**EXERCISE PROMPT**
Span requested from the data below: the line with "2021年武汉中考各区初中平" through the line with "Dimensioni Piano Cottura Bosch PXV875DC1E", both included. Give only these lines again, exactly, and leave every picture out.

**PROVIDED ENTRIES**
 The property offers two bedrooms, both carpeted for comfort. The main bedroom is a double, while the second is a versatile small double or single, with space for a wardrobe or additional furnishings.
...
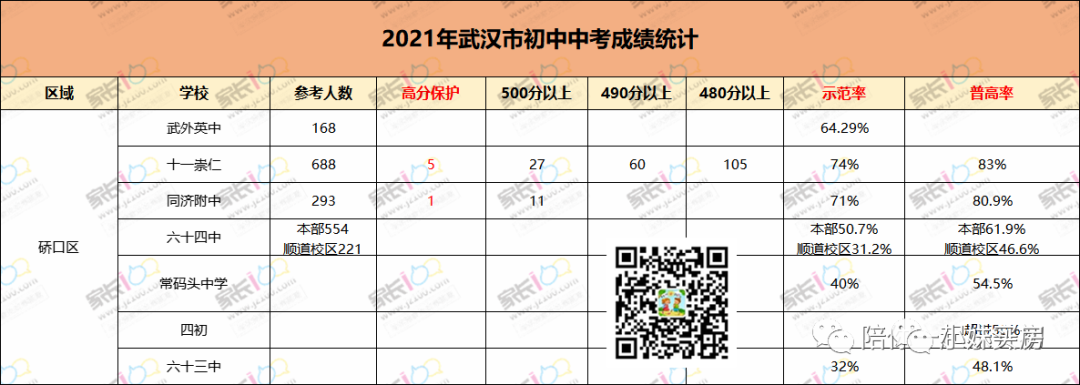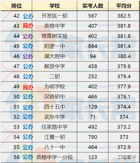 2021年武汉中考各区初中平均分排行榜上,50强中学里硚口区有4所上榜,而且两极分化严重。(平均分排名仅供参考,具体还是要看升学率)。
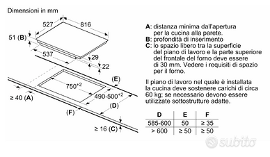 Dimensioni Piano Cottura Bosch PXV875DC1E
==
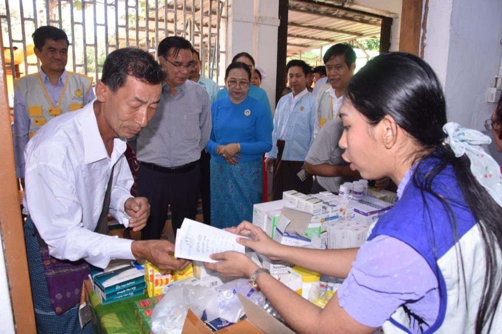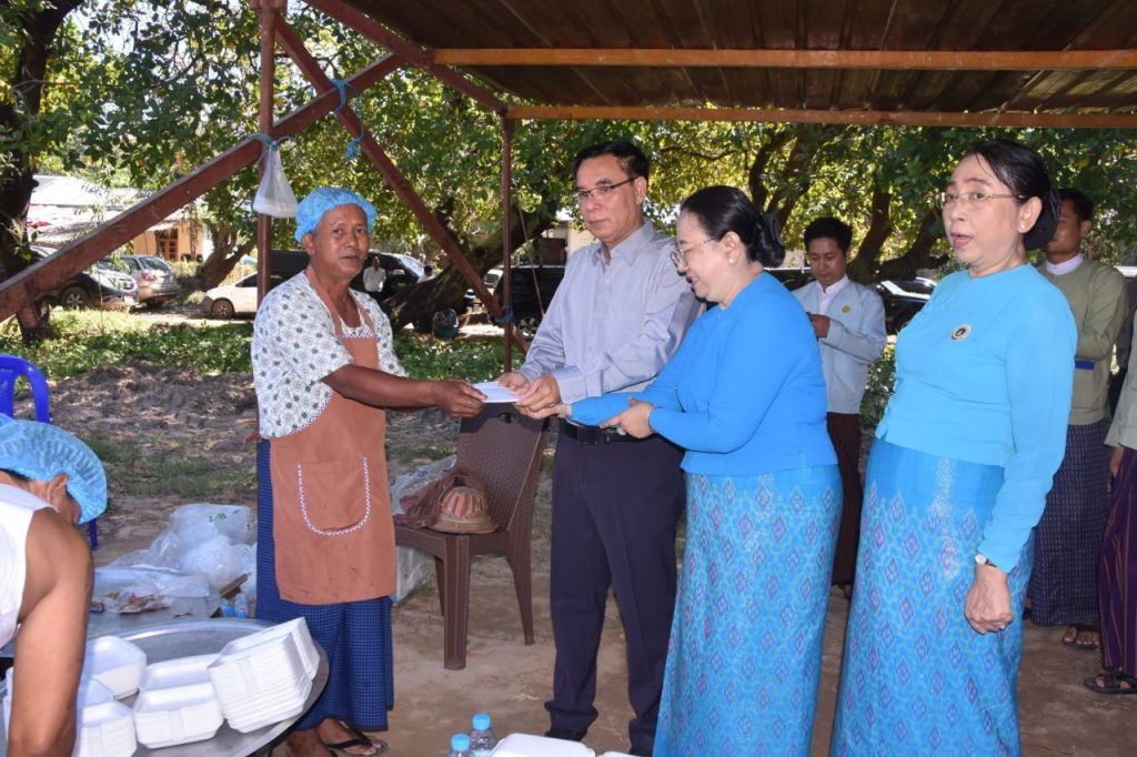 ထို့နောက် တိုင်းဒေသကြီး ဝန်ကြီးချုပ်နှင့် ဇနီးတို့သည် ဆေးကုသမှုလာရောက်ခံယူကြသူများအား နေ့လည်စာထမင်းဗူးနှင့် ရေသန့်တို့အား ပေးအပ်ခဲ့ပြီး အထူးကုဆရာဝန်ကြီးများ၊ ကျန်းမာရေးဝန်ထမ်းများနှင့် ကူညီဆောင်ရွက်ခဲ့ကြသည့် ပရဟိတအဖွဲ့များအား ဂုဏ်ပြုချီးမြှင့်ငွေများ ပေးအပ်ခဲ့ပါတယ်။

**RESPONSE**
 2021年武汉中考各区初中平均分排行榜上,50强中学里硚口区有4所上榜,而且两极分化严重。(平均分排名仅供参考,具体还是要看升学率)。
 Dimensioni Piano Cottura Bosch PXV875DC1E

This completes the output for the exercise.